1st and foremost WELCOME to the Lawn forum

So how much water are you putting down every time you water?
If your answer is 'I water for blank blank minutes you dont know how much you are watering. Put out some empty tuna cans or get something like this http://a.co/cgZf5xt . Next water for 15 min and measure with a ruler how much was put down. 
Many people are often surprised by how little they are actually watering.
How many times a day or week have you been watering?
Do you have an irrigation system?
Have you put down any chemicals or weed killer?


----------



## musicjohnny (Jun 30, 2018)

Spammage said:


> @musicjohnny I don't want to question @viva_oldtrafford, but do you have a dog? It looks like a dog is fertilizing spots in the "bad" sod and making it look great. If so and you are keeping it well watered, then I'm thinking a starter fertilizer application on the whole yard would be a good thing.


Hmmm....we do! I hadn't even really noticed those spots before you pointed them out. So yeah, maybe a little fertilizer could start to work.


----------



## musicjohnny (Jun 30, 2018)

Tellycoleman said:


> 1st and foremost WELCOME to the Lawn forum
> 
> So how much water are you putting down every time you water?
> If your answer is 'I water for blank blank minutes you dont know how much you are watering. Put out some empty tuna cans or get something like this http://a.co/cgZf5xt . Next water for 15 min and measure with a ruler how much was put down.
> ...


Hey Telly! I'm going for around 3 inches per week. It's lrobably been a little more than that over the last 2 weeks cause we've had some heavy rain. Not irrigation system, just a lot of moving sprinklers around to try to get even coverage across the lawn. And no chemicals so far either, I wasn't really sure what to put down and I didn't want to mess anything up, so I just went with water haha.


----------



## fp_911 (Apr 10, 2017)

Our sod 4 years ago had army worms when they delivered it to our home. Of course the builder did nothing because we had already closed.
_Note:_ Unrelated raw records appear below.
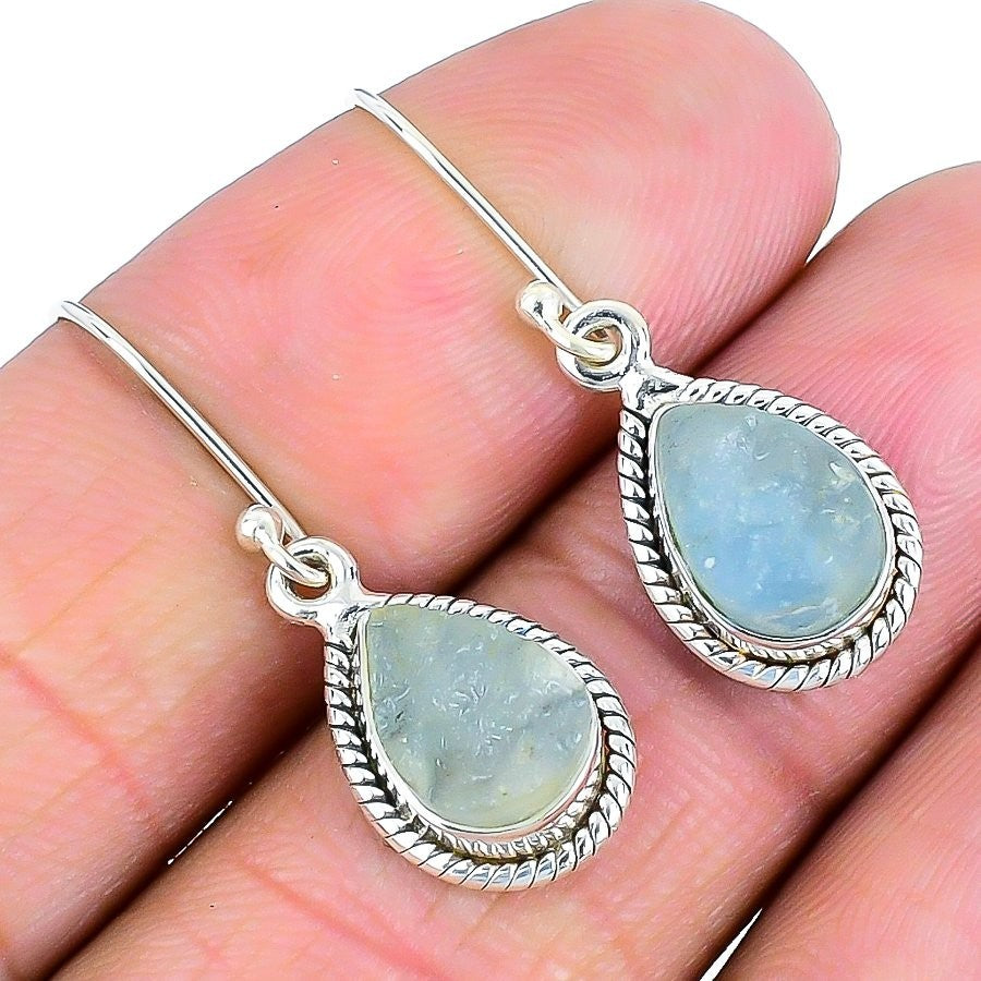Blue Lace Agate Gemstone Dangling Artisan Daughter Gift Earrings Solid Silver
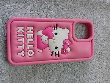 - Silikonska 3D Hello Kitty, pink boje, sa izdignutim slovima i motivom; zadebljani rubovi i podignut okvir oko kamere.
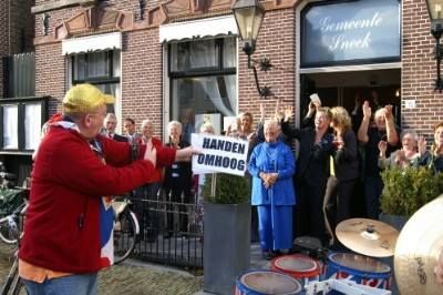 Margaretha Nellie Slippens-Poiesz ( 75 jaar jong ), sêch mar Greetje, is un levensgenieter fan ut súverste Groatsaanwater. Fanmiddach het Greetje as bysonder amtenaar fan de burgerleke staan fan de gemeente Sneek afskeid nommen fan dizze funksy. Su'n kleine dry dúzend huweleken het frou Slippens-Poiesz foltrokken. In de publykshal fan ut Stadhús was ut un prachtech ouskeidsfeest. Boade Froukje, en un kollega fan Greetje, waren tòp met un skitterend stukje over Greetje as amtenaar fan de burgerleke staan. Om halfses kwam de Blauhúster Dakkapel om Greetje un searenade te brengen. Ontroerende momenten, 100% 'Gefoël Sneek'!! Greetje hoart seker bij myn tòp 10 frouwen, un mêns su puer en su oprecht, un frou om fan te houwen. Un unyk mêns. Alle resepsygangers kregen fanmiddach un fers fan Greetje met naar hús:
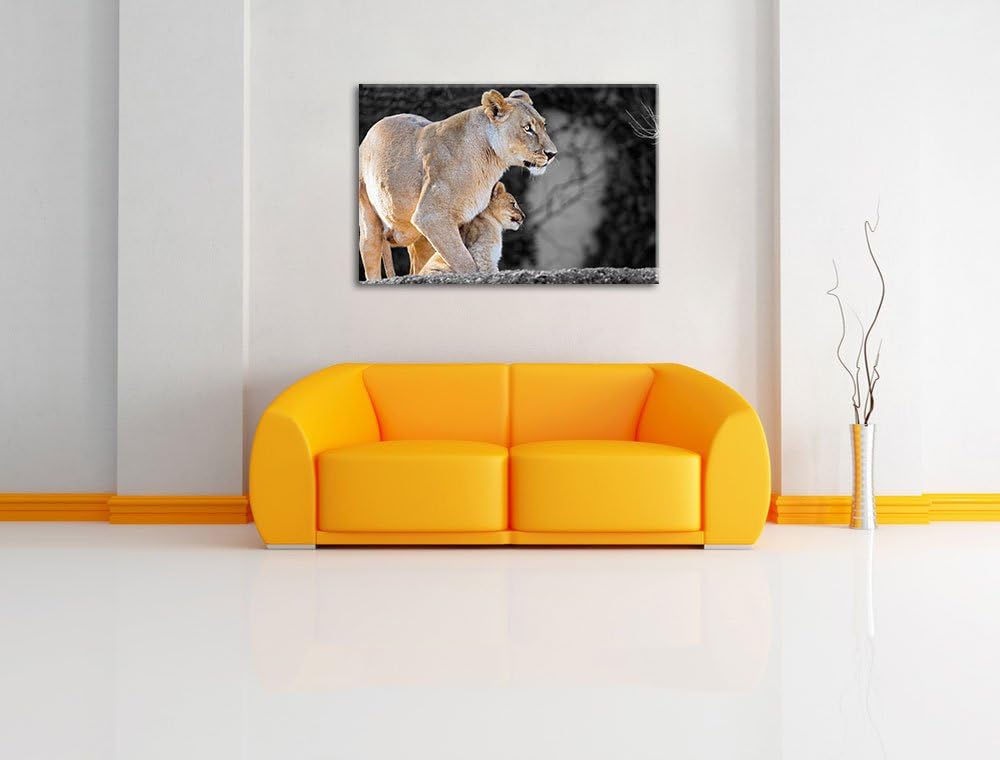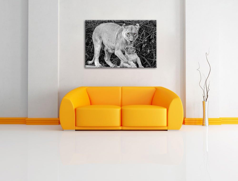 liebevolle Löwenmutter mit Jungtier schwarz/weiss auf Leinwand, XXL riesige Bilder fertig gerahmt mi
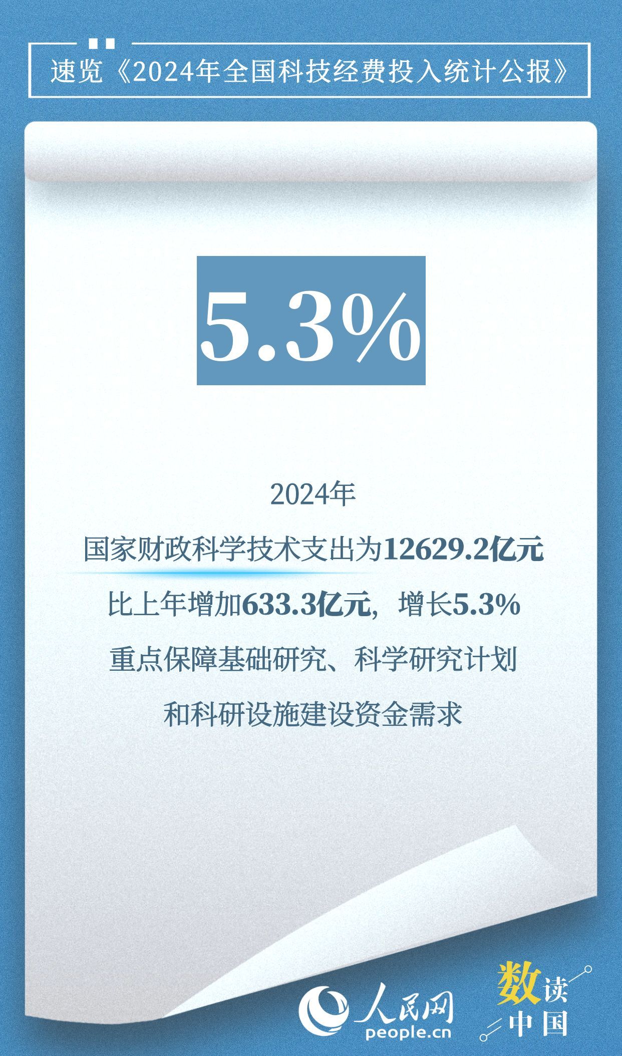 国家统计局、科学技术部、财政部日前联合发布的《2024年全国科技经费投入统计公报》显示,2024年,全国研究与试验发展经费投入保持稳定增长,投入强度较快提升,基础研究投入取得新突破,国家财政科技支出稳步增加。
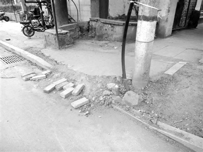 另外家属院门前通往胜利路的连接处,虽然在修路时,工人将路沿石刻意放低,留有一个坡面,以供车辆行驶时方便,但该坡面却没有用水泥硬化,依然是破损严重,影响人车通行。无奈之下,有居民找来几块板砖,垫在破损处,以凑合着方便过车。但没几天,这些板砖竟然被修路的工人全部收走。
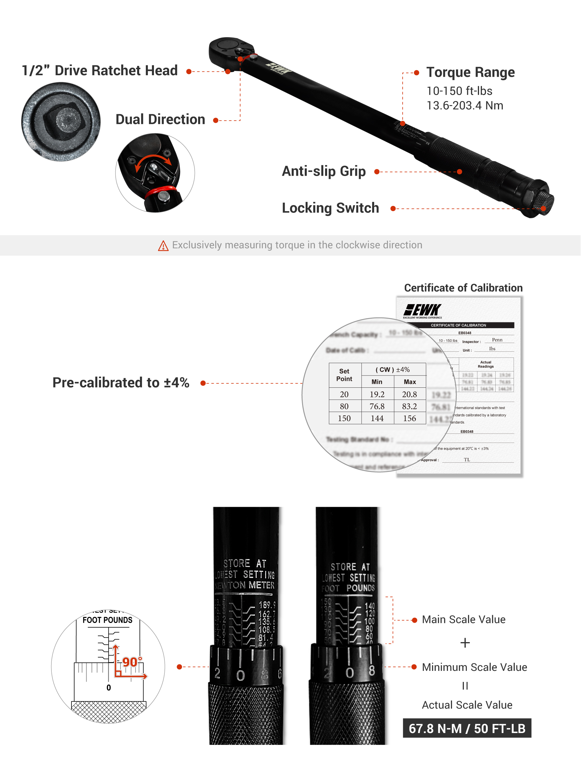Set amount of torque required by turning the knurled handle until reach the exact amount on case graduations.
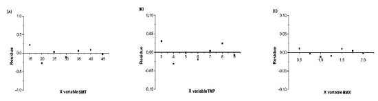 In addition to the analytical curves and the Anova test, linearity can also be verified through the regression analysis of residues. In this analysis, it was possible to verify the linearity of the method from the linear regression of the drugs under study, which were distributed in the graphs homogeneously, close to the zero axis, indicating the homoscedasticity of the variances (figure 4).
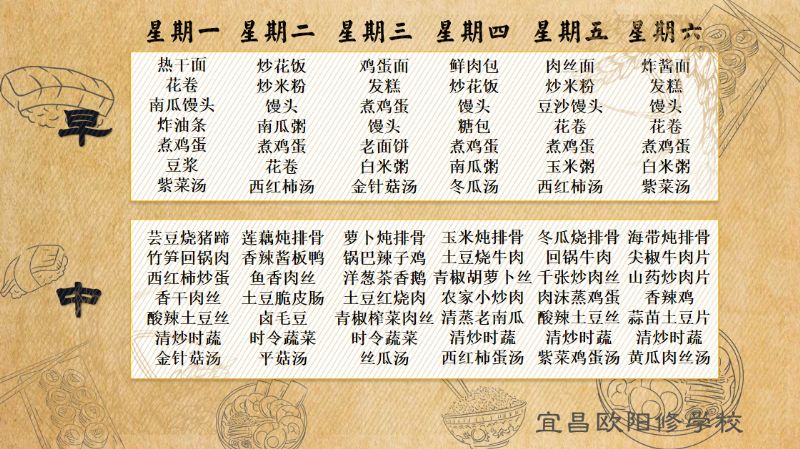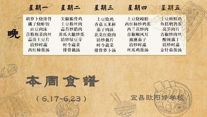 宜昌歐陽(yáng)修學(xué)校每周食譜(6月17日至6月23日)
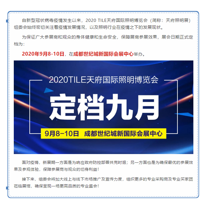 根據成都照明展設計搭建公司領藝展覽了解到,為保證廣大參展商和觀眾的身體健康和生命安全,保障展商參展效果,展會日期正式定檔為:2020年9月8-10日,在成都世紀城新國際會展中心舉辦。如需照明展設計請聯系領藝展覽,希望我們能在照明展搭建上為您添磚加瓦,祝各位朋友收獲多多,滿載而歸!
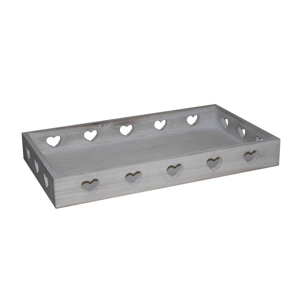 Farmhouse Style Rectangular Tray with Heart Shape Cutouts, Whitewashed - BM231486
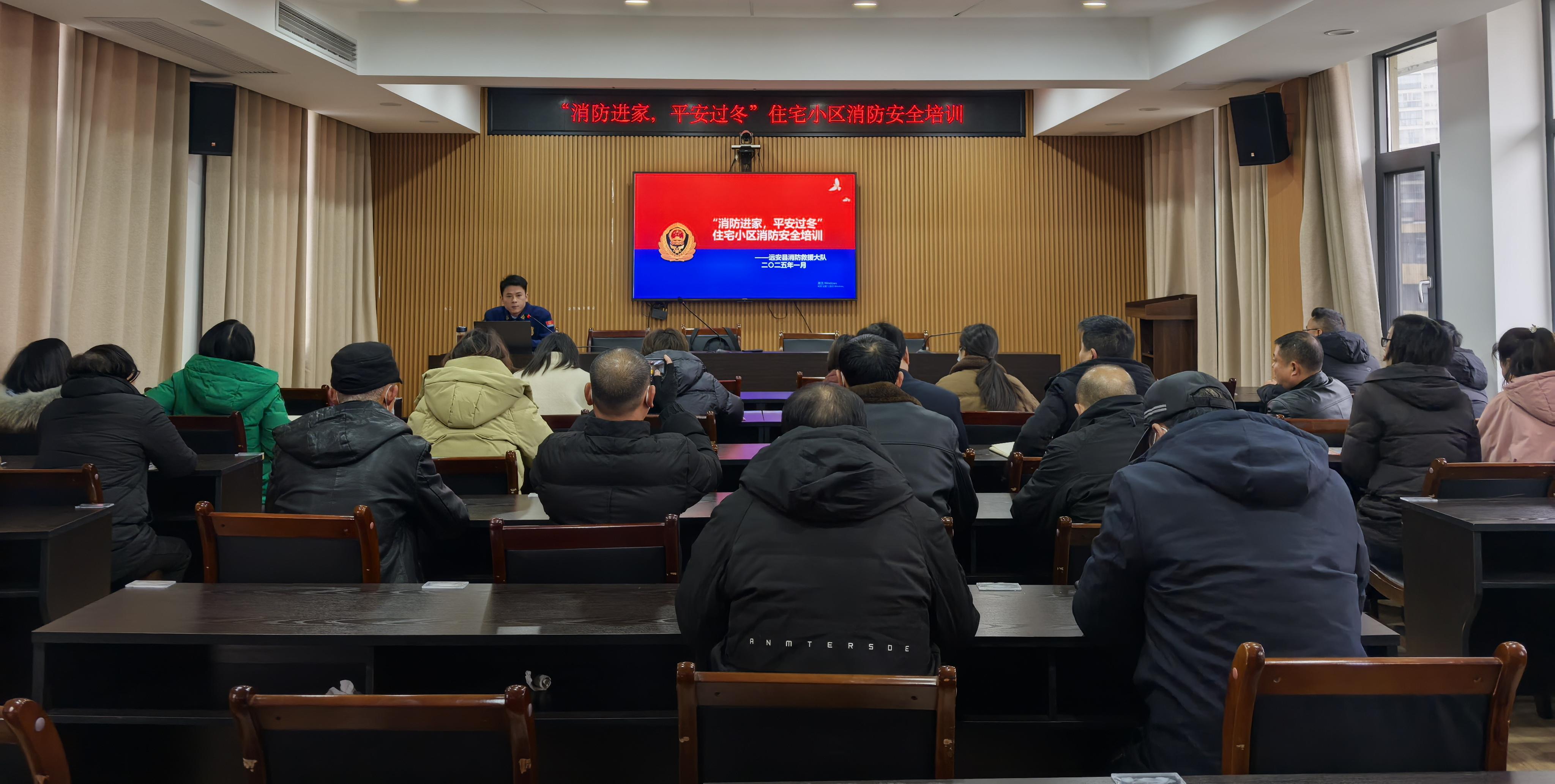 为进一步增强住宅小区物业服务企业消防安全管理水平,提高物业服务从业人员消防安全意识,预防和减少火灾事故的发生,1月9日,宜昌市远安县消防救援大队联合县住建局开展了以“消防进家 平安过冬”为主题的消防安全知识培训,全县物业管理企业负责人及各小区安全责任人共40余人参加培训。
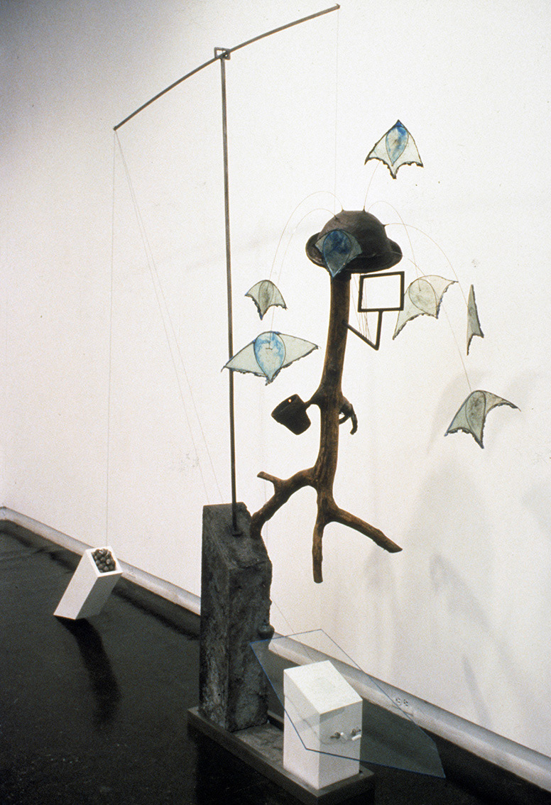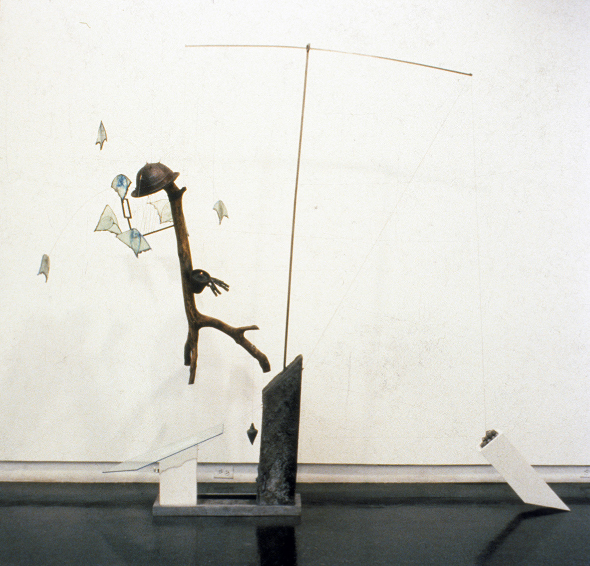 As the title suggests this is in balance. Cast aluminium, steel, wood, plaster and lightbulb etc.
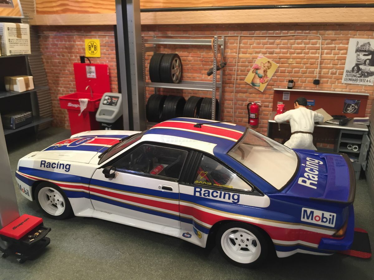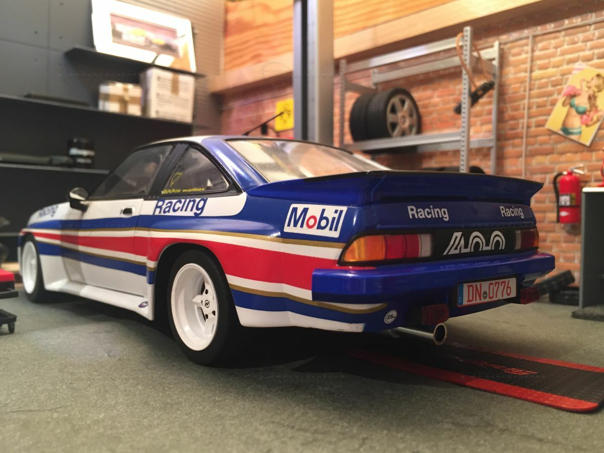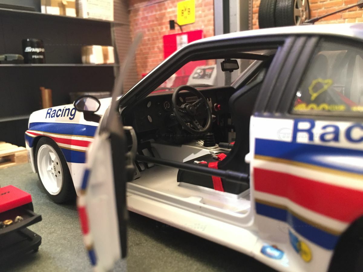 The miniature of the Opel Manta 400 Racing showcased here, in a 1/18 scale, was crafted by Revell and belongs to the collection of Modelly member "Carjunky". Made from durable diecast material, this model car stands out with incredibly detailed replicas and high accuracy compared to the original. The model is a 1/18 scale masterpiece that not only captures the external aesthetics of the real racing car, but also replicates the internal details as well as possible in the 1/18 scale. Important sponsor decals like Mobil and Bremen Racing are clearly visible, adding to the authenticity of the model.
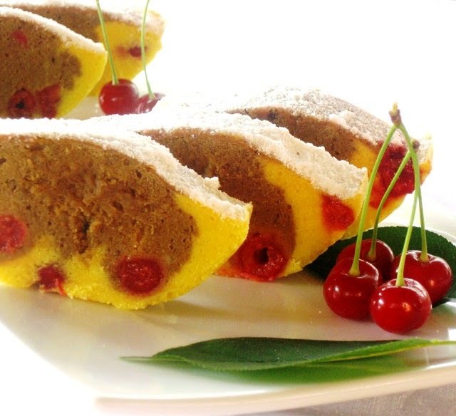 Ungem o tava de chec cu putin ulei sau unt ,o captusim pe interior cu hartie de copt , adaugam compozitia alba, apoi compozitia cu cacao iar deasupra visinele .
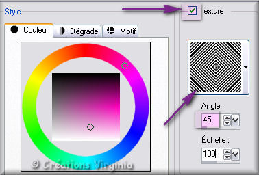 Décocher la Texture (la couleur est donc en Premier Plan)
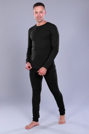 Нательное белье с фуфайкой и кальсонами. Горловина фуфайки с отделкой обтачка, рукава с манжетами. Кальсоны на резинке с ластовицей и манжетами внизу.

Took me about a year and a lot of reading on Bermuda lawns to get things working. Was so mad I considered nuking my entire lawn, but it bounced back!


----------



## musicjohnny (Jun 30, 2018)

fp_911 said:


> Our sod 4 years ago had army worms when they delivered it to our home. Of course the builder did nothing because we had already closed.
> 
> Took me about a year and a lot of reading on Bermuda lawns to get things working. Was so mad I considered nuking my entire lawn, but it bounced back!


@fp_911 Ugghhh that's brutal... what was like the biggest thing you learned about bringing back a lawn through all your research?


----------



## fp_911 (Apr 10, 2017)

musicjohnny said:


> fp_911 said:
> 
> 
> > Our sod 4 years ago had army worms when they delivered it to our home. Of course the builder did nothing because we had already closed.
> ...


As someone mentioned above the Bermuda Bible should be studied and followed closely. But in summary here are my key points that helped me progress:

- The armyworms had done such a job on my yard that I did have to go buy about 10 rolls of sod. I knew the Bermuda would eventually grow but the HOA was bothering me (yes I got letters from them even though it was the builder's fault!) so I had to replace some sections.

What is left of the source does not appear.